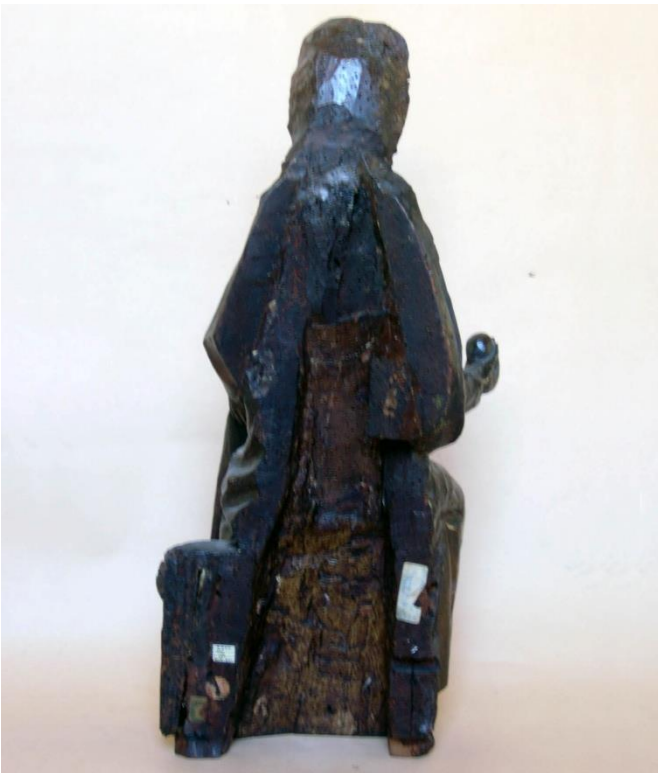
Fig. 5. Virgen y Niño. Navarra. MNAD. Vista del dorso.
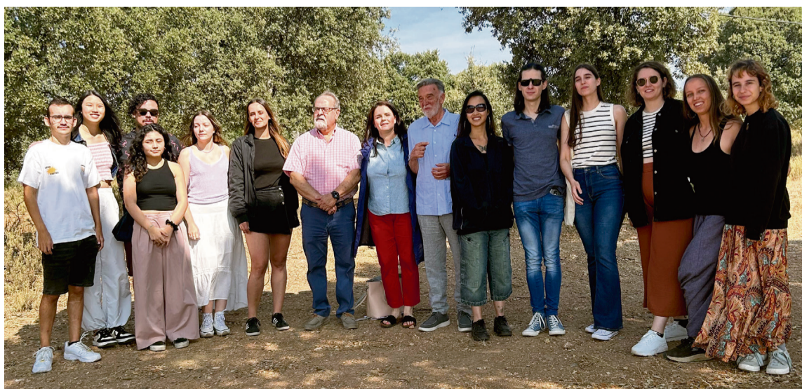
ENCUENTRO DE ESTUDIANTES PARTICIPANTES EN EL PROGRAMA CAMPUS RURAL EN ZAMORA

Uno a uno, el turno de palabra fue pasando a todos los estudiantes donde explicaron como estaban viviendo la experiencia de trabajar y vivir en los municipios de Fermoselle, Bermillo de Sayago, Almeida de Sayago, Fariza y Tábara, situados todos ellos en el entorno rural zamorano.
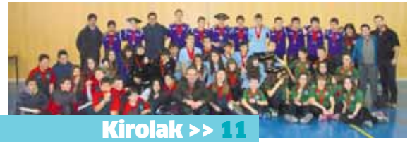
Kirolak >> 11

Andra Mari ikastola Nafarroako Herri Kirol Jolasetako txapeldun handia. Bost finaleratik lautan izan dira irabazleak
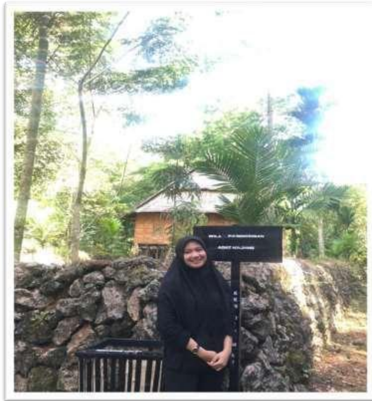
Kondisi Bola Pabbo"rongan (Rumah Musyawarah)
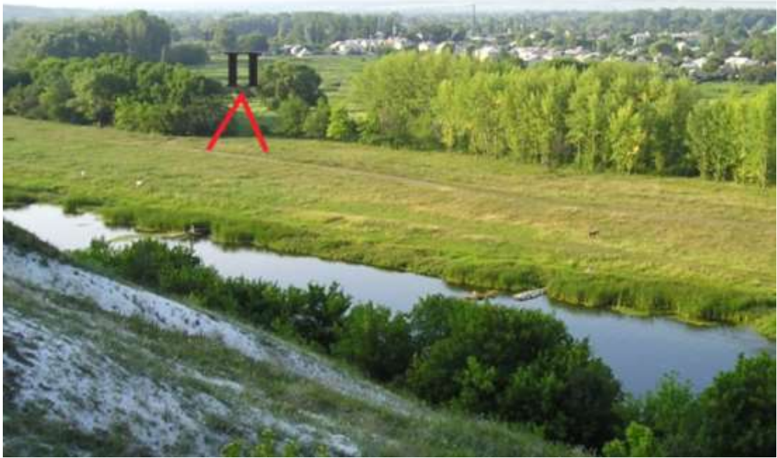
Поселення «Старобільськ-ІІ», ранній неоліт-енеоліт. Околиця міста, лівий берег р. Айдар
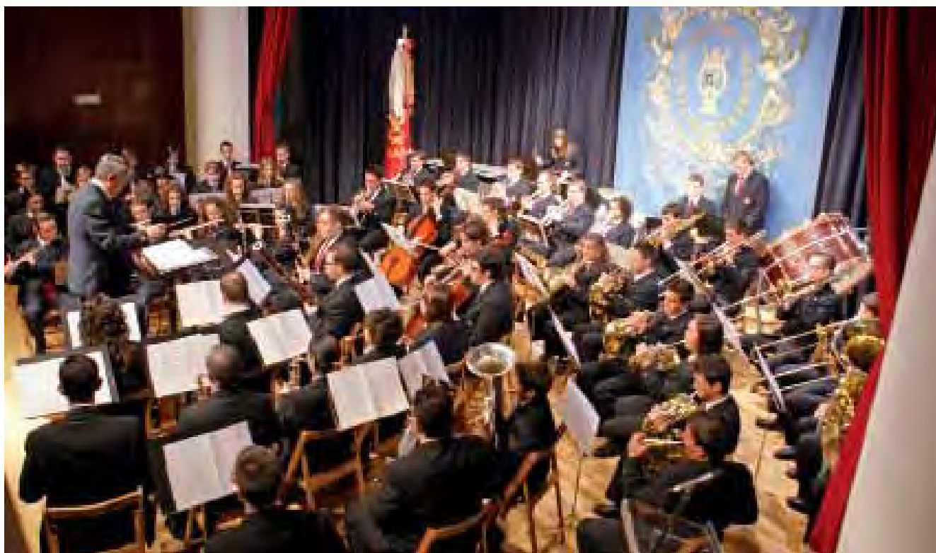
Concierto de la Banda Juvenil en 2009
····················
WORK TO BE COMPLETED:
Please copy the records above word for word, leaving out every picture.

TASK SOLUTION:
Fig. 5. Virgen y Niño. Navarra. MNAD. Vista del dorso.
ENCUENTRO DE ESTUDIANTES PARTICIPANTES EN EL PROGRAMA CAMPUS RURAL EN ZAMORA

Uno a uno, el turno de palabra fue pasando a todos los estudiantes donde explicaron como estaban viviendo la experiencia de trabajar y vivir en los municipios de Fermoselle, Bermillo de Sayago, Almeida de Sayago, Fariza y Tábara, situados todos ellos en el entorno rural zamorano.
Kirolak >> 11

Andra Mari ikastola Nafarroako Herri Kirol Jolasetako txapeldun handia. Bost finaleratik lautan izan dira irabazleak
Kondisi Bola Pabbo"rongan (Rumah Musyawarah)
Поселення «Старобільськ-ІІ», ранній неоліт-енеоліт. Околиця міста, лівий берег р. Айдар
Concierto de la Banda Juvenil en 2009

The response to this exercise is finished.